[[ Supplied records, beginning ]]

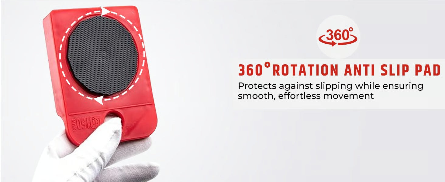 360 DEGREE ROTATABLE SLIDERS: This furniture lifter and moving pads allow you to move furniture/appliance into place across any surface
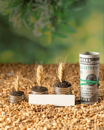 Ears of wheat on a clear surface, and coins beside it. Cost of grain, price increase, grain prices.
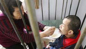 母親含淚將兒子鎖鐵籠30多年
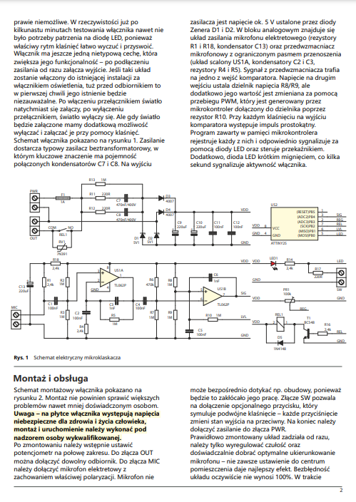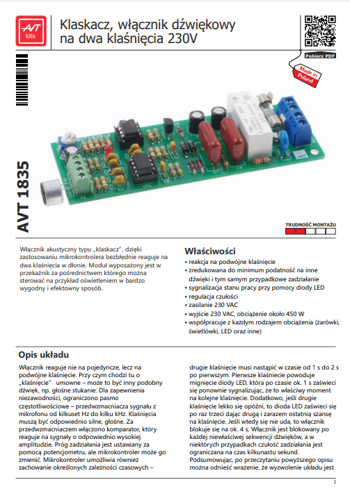 Włącznik akustyczny typu „klaskacz”, dzięki zastosowaniu mikrokontrolera bezbłędnie reaguje na dwa klaśnięcia w dłonie. Moduł wyposażony jest w przekaźnik za pośrednictwem którego można sterować na przykład oświetleniem w bardzo wygodny i efektowny sposób.
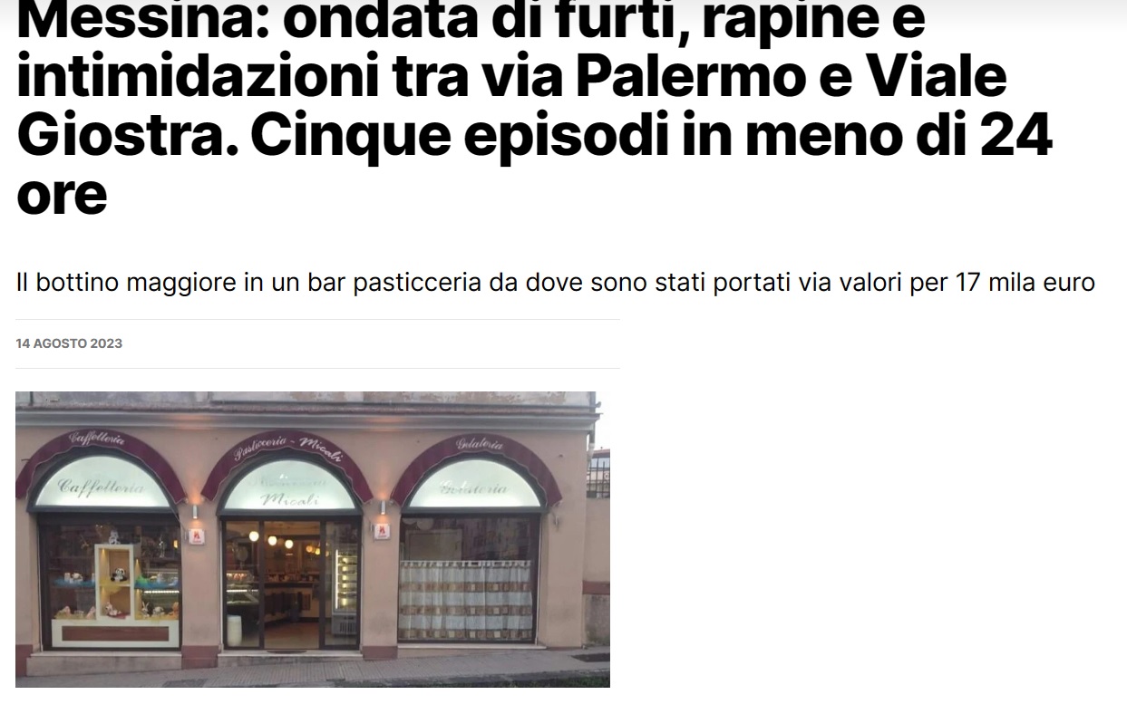 Il “colpaccio” al bar pasticceria Saccà di viale Giostra, dove i malviventi – nella notte – dopo essersi guadagnati l’ingresso da un buco, hanno portato via 7.000 euro di fondocassa e oltre 10.000 euro di Gratta e Vinci per poi darsi alla fuga facendo perdere le tracce. Nella giornata di ieri ad essere presa di mira una pasticceria all’altezza dell’Isolato 13 in via Palermo…, qui un malvivente armato di coltello ha portato via l’incasso per poi fuggire nei vicoli limitrofi. E inoltre stamani, poco dopo le 10, sul viale Giostra un malvivente armato di coltello si è fatto consegnare circa 700 euro contenuti nella cassa del Bar Pasticceria Micali per sparire forse atteso da un complice. Carabinieri e Polizia stanno ascoltando le vittime dei reati e acquisendo le immagini dei sistemi di videosorveglianza della zona per cercare di dare un nome e un volto ai malviventi.

[[ Supplied records, end ]]

» Directions for this task: Pictures stay out, but every record above is to be returned exactly.

» Exercise response:
 360 DEGREE ROTATABLE SLIDERS: This furniture lifter and moving pads allow you to move furniture/appliance into place across any surface
 Ears of wheat on a clear surface, and coins beside it. Cost of grain, price increase, grain prices.
 母親含淚將兒子鎖鐵籠30多年
 Włącznik akustyczny typu „klaskacz”, dzięki zastosowaniu mikrokontrolera bezbłędnie reaguje na dwa klaśnięcia w dłonie. Moduł wyposażony jest w przekaźnik za pośrednictwem którego można sterować na przykład oświetleniem w bardzo wygodny i efektowny sposób.
 Il “colpaccio” al bar pasticceria Saccà di viale Giostra, dove i malviventi – nella notte – dopo essersi guadagnati l’ingresso da un buco, hanno portato via 7.000 euro di fondocassa e oltre 10.000 euro di Gratta e Vinci per poi darsi alla fuga facendo perdere le tracce. Nella giornata di ieri ad essere presa di mira una pasticceria all’altezza dell’Isolato 13 in via Palermo…, qui un malvivente armato di coltello ha portato via l’incasso per poi fuggire nei vicoli limitrofi. E inoltre stamani, poco dopo le 10, sul viale Giostra un malvivente armato di coltello si è fatto consegnare circa 700 euro contenuti nella cassa del Bar Pasticceria Micali per sparire forse atteso da un complice. Carabinieri e Polizia stanno ascoltando le vittime dei reati e acquisendo le immagini dei sistemi di videosorveglianza della zona per cercare di dare un nome e un volto ai malviventi.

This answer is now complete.